Lucas 12, 32-48

Agosto 11, 2013 - 12:00 a.m. Por: Arquidiócesis de Cali

En un mundo de ambiciones y egoísmos, de negocios turbios y deshonestos, de codicia e infidelidades, Jesús nos sorprende al decirnos que hagamos un tesoro inagotable en el cielo, en donde no hay peligro a pérdida, quiebras o robos.¿Cómo atesorar en el cielo? Ejerciendo nuestras responsabilidades no en función propia sino en bien de los demás. Todo lo que damos de tiempo, de vida, de conocimiento, de bienes, de amor, se eterniza, se atesora. Esto exige una mirada distinta de la vida, del trabajo, del ejercicio de la profesión, de la relación con los demás. Somos administradores, nos dice Jesús. Un administrador no puede vivir en función de sí mismo; se le han encomendado unas responsabilidades para llevar adelante una misión, la misión de “dar a los demás la ración a su tiempo”, es la preocupación por el bien común, por el bien de todos; y de un administrador lo que se espera es que sea fiel.
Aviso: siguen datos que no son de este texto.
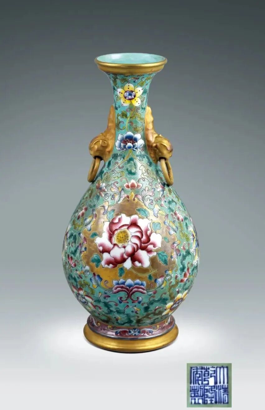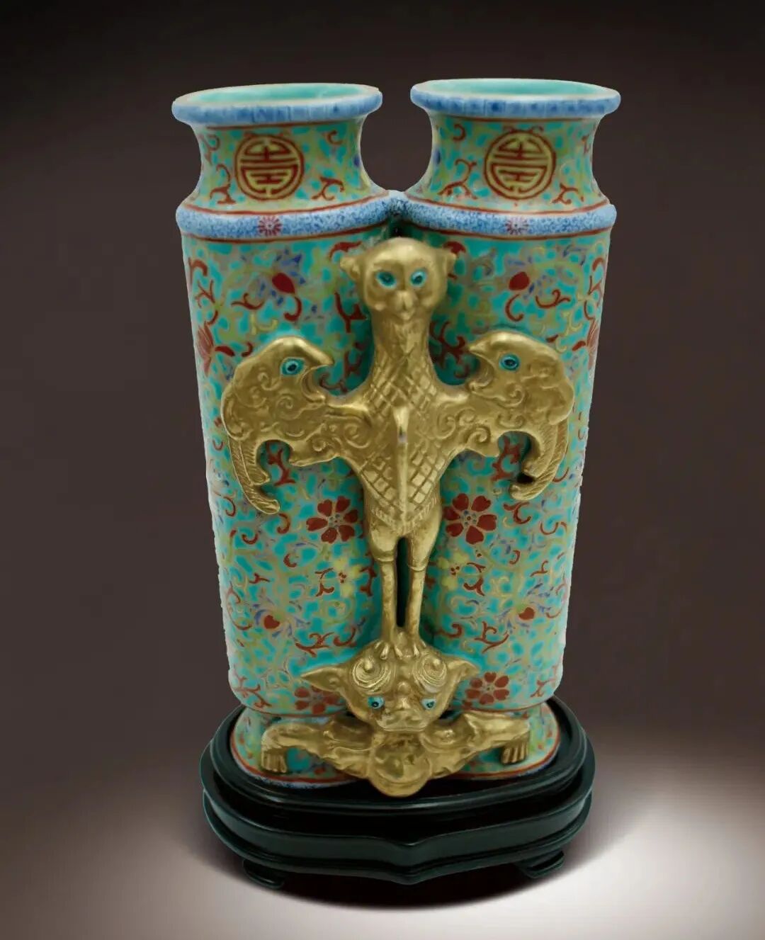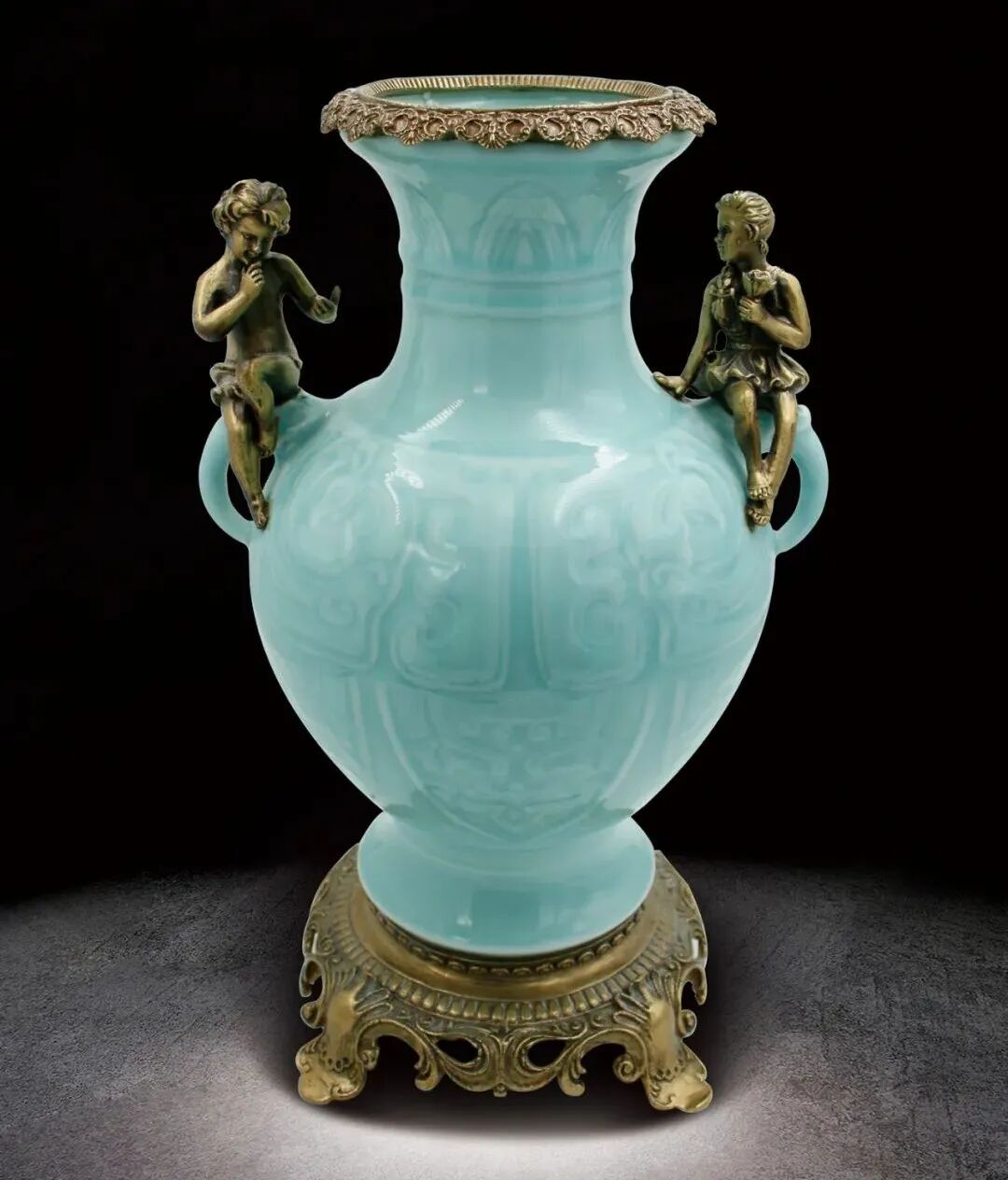 32 清 銅鎏金西洋人物鑲天青釉瓶

Ay del administrador que se aprovecha de su cargo para bien propio, pues cuando se le pida cuentas, dice Jesús, si ha sido infiel, serán implacables con él. Cuando pienso en esto, veo con más claridad que no somos dueños sino administradores. Esta verdad cambia el enfoque del manejo de la vida, con todo lo que ella nos ha regalado.Al que mucho se le da, mucho se le exigirá. Quienes hemos tenido la fortuna de la educación, del conocimiento, de la cultura, quienes hemos sido privilegiados con la confianza depositada en nosotros para ejercer cargos de responsabilidad común, hemos recibido mucho y por tanto, tenemos que responder más exigentemente que otros. Que el Señor Jesús nos haga comprender lo transitorio del tiempo, lo banal de la gloria y del poder, lo efímero de las riquezas y de la fama, pero también comprendamos lo maravilloso de pasar la vida haciendo el bien a todos. Como decía Kalil Jibran : “Que el tiempo de dar sea tuyo y no de tus herederos”.